Este documento apresenta a Estrutura Analítica de Projeto (EAP) do núcleo de Eletrônica para o desenvolvimento de um Micromouse, no âmbito da disciplina de Projeto Integrador 1 (2026/1). O desafio do projeto consiste em construir um robô capaz de explorar e solucionar labirintos de forma totalmente autônoma. Como é expressamente proibido o uso de robôs ou soluções prontas do mercado, a equipe de eletrônica é responsável por desenvolver o hardware autoral do projeto. Esse sistema deve respeitar as restrições físicas da competição (como o limite máximo de 25 cm de largura ou comprimento) e integrar todo o processamento, sensoriamento e comunicação necessários para a navegação autônoma e para o envio da telemetria. A EAP a seguir organiza e detalha os pacotes de trabalho exigidos para a concepção, montagem e validação técnica destes componentes.

  1. Projeto e Arquitetura de Hardware

    1.1. Design Customizado: Desenvolvimento do sistema eletrônico próprio pelo grupo, sendo expressamente proibido o uso de soluções prontas do mercado.

    1.2. Documentação Técnica: Geração dos arquivos de projeto exigidos.

    1.2.1. Esquemáticos dos circuitos
    1.2.2. Simulações dos circuitos
    

    1.3. Restrições Dimensionais: O design da placa e a montagem dos componentes eletrônicos devem respeitar o limite máximo do robô, que não pode exceder 25 centímetros de comprimento ou largura (sem restrição de altura).

  2. Sistema de Processamento e Controle

    2.1. Navegação Autônoma: Hardware central (microcontrolador/processador) capacitado para resolver o labirinto de forma autônoma, sem nenhuma intervenção humana durante a corrida.

    2.2. Gerenciamento de Memória: Estrutura eletrônica capaz de armazenar dados do labirinto sem necessidade de alteração de código ou memória via cabo durante a resolução do trajeto.

  3. Sistema de Sensoriamento

    3.1. Detecção de Paredes e Mapeamento: Sensores integrados que permitam ao micromouse identificar as paredes brancas (de 5 cm de altura) e obstáculos do labirinto para compor o mapeamento.

    3.2. Odometria e Localização: Sensores dedicados a monitorar a localização do robô em tempo real e fornecer dados para o cálculo de sua velocidade média.

    3.3. Detecção de Objetivo: Sensores capazes de detectar quando o robô alcança a sala retangular alvo geralmente no centro do labirinto.

  4. Sistema de Atuação e Locomoção

    4.1. Controle de Motores: Hardware de controle de tração.

    4.2. Restrições de Propulsão: Garantir que os atuadores obedeçam às regras, não permitindo voar, pular, escalar, nem utilizar propulsão por combustão ou foguete.

    4.3. Restrição de Danos: Os atuadores não devem causar arranhões ou danos ao chão preto e às paredes do labirinto.

  5. Sistema de Alimentação e Telemetria de Energia

    5.1. Monitoramento de Bateria: Circuito dedicado à leitura da carga da bateria, já que o consumo de bateria é um dado obrigatório na telemetria.

    5.2. Otimização Energética: Foco na eficiência elétrica, visto que o "Consumo Energético" do robô é um critério de avaliação direto do 2º ponto de controle.

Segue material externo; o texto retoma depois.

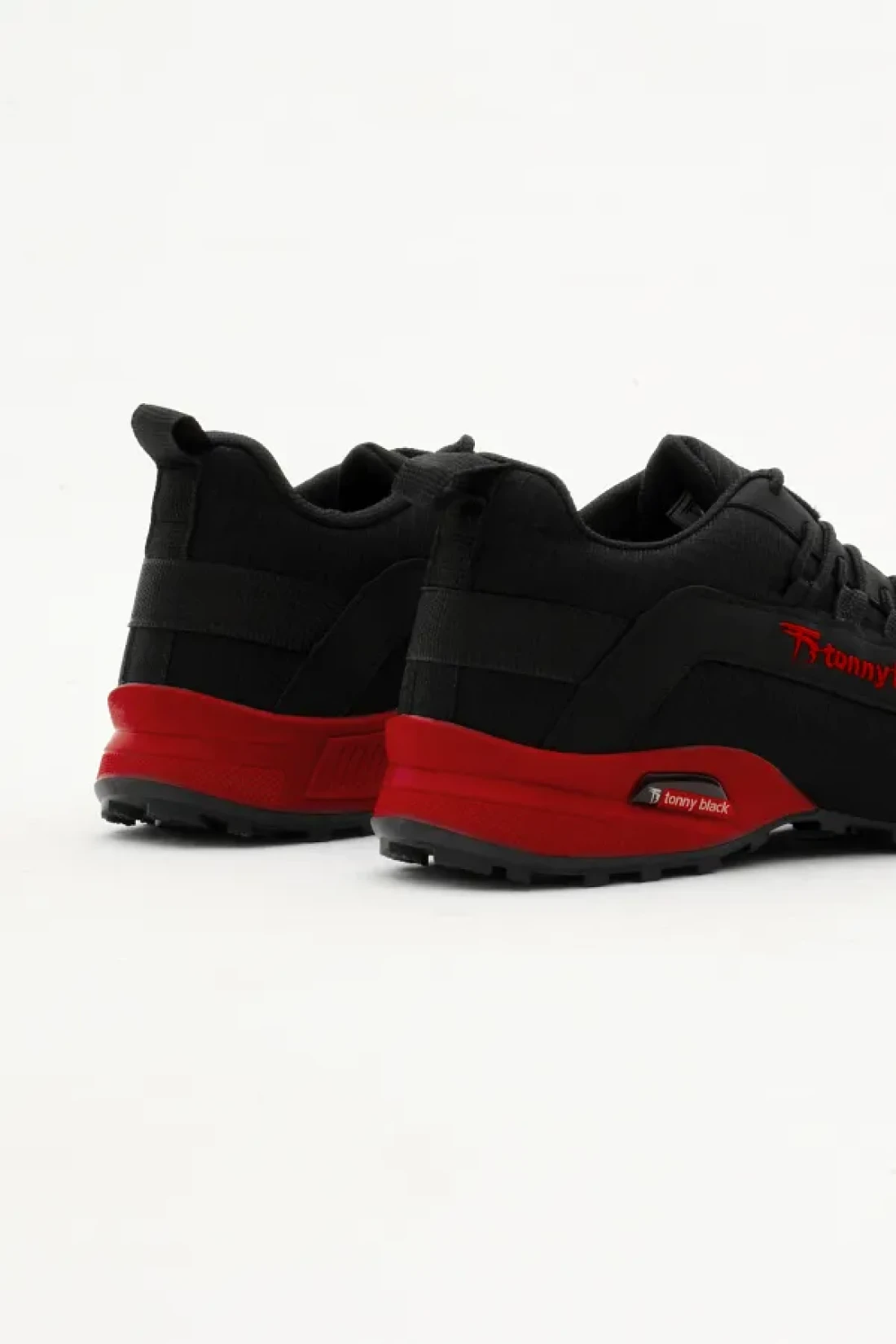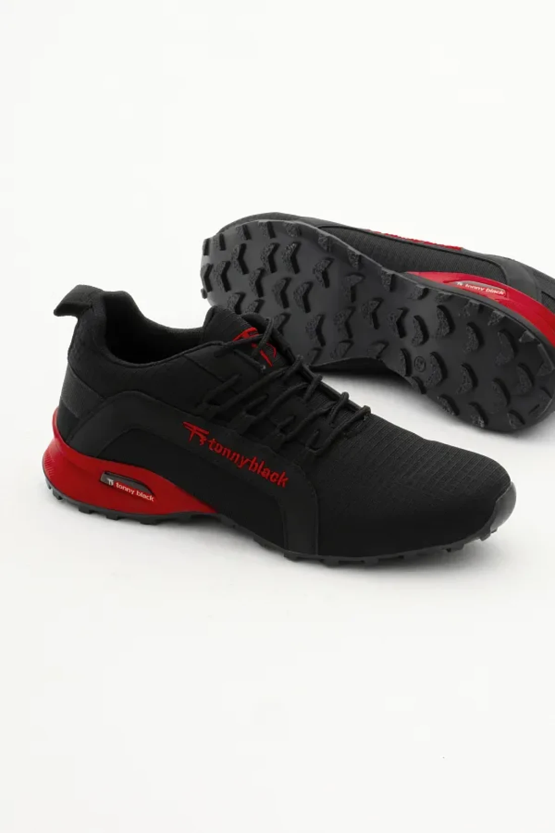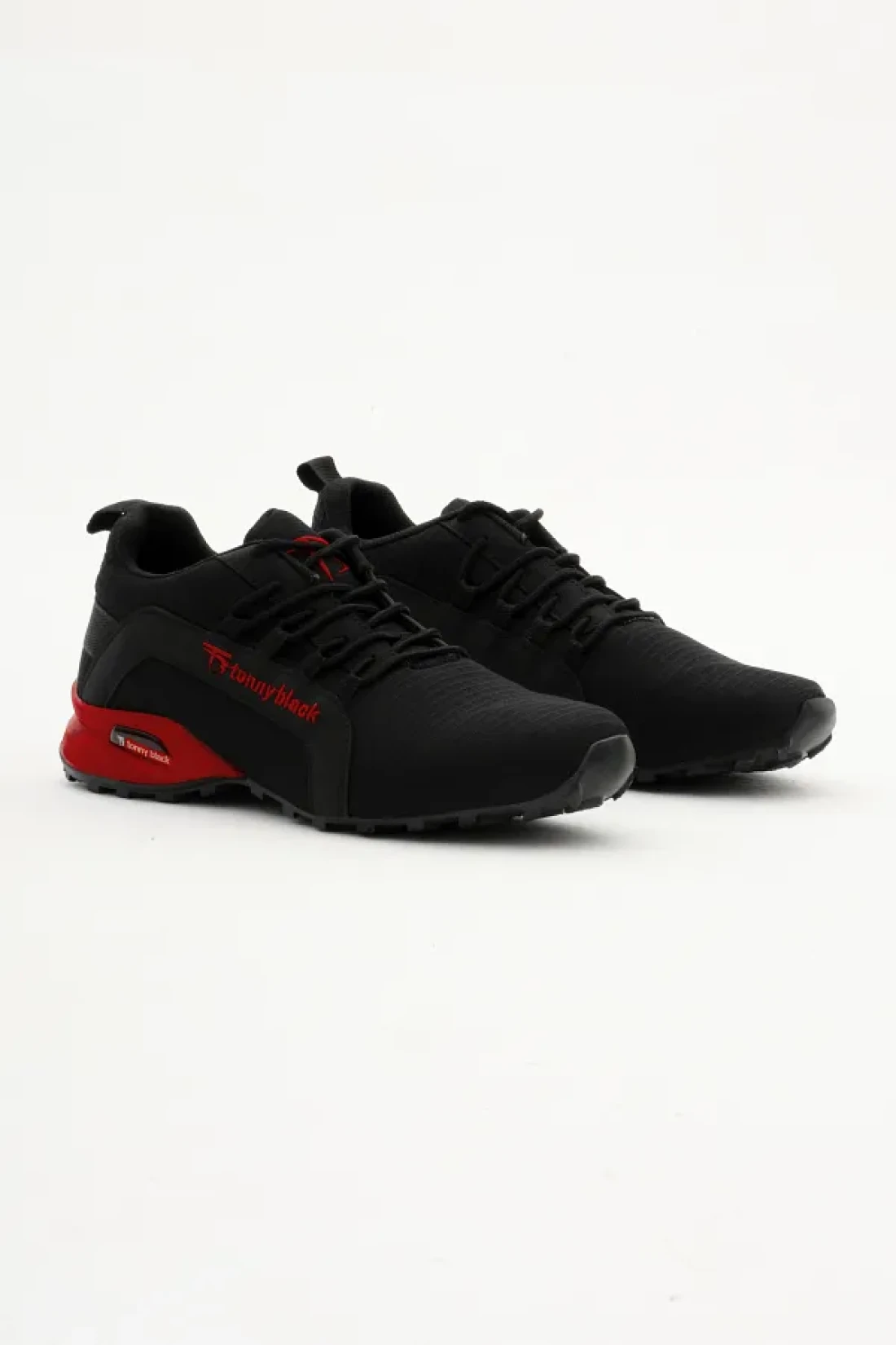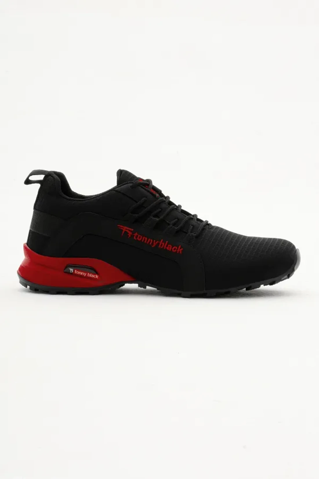 Tonny Black حذاء رياضي رجالي باللون الأسود والأحمر مريح بنعل حراري ورباط

  6. Sistema de Comunicação (Telemetria)

    6.1. Transmissão de Dados: Integração de módulo de comunicação sem fio (dedução técnica) para enviar dados de telemetria em tempo real para um sistema web.

    6.2. Dados Trafegados: O hardware de comunicação deve ser capaz de reportar continuamente o tipo de labirinto, trajeto, consumo, velocidade, tempo e se o desafio foi cumprido.

  7. Validação, Testes e Manutenção

    7.1. Validação de Ponto de Controle (PC2): Planejamento de execução dos Testes de Verificação e Validação específicos para o Hardware e Consumo Energético.

    7.2. Hardware de Teste e Reparo: A eletrônica deve ser robusta para a inspeção prévia de funcionamento completo e permitir pequenos reparos rápidos (como limpeza ou reinício) enquanto o robô estiver em repouso.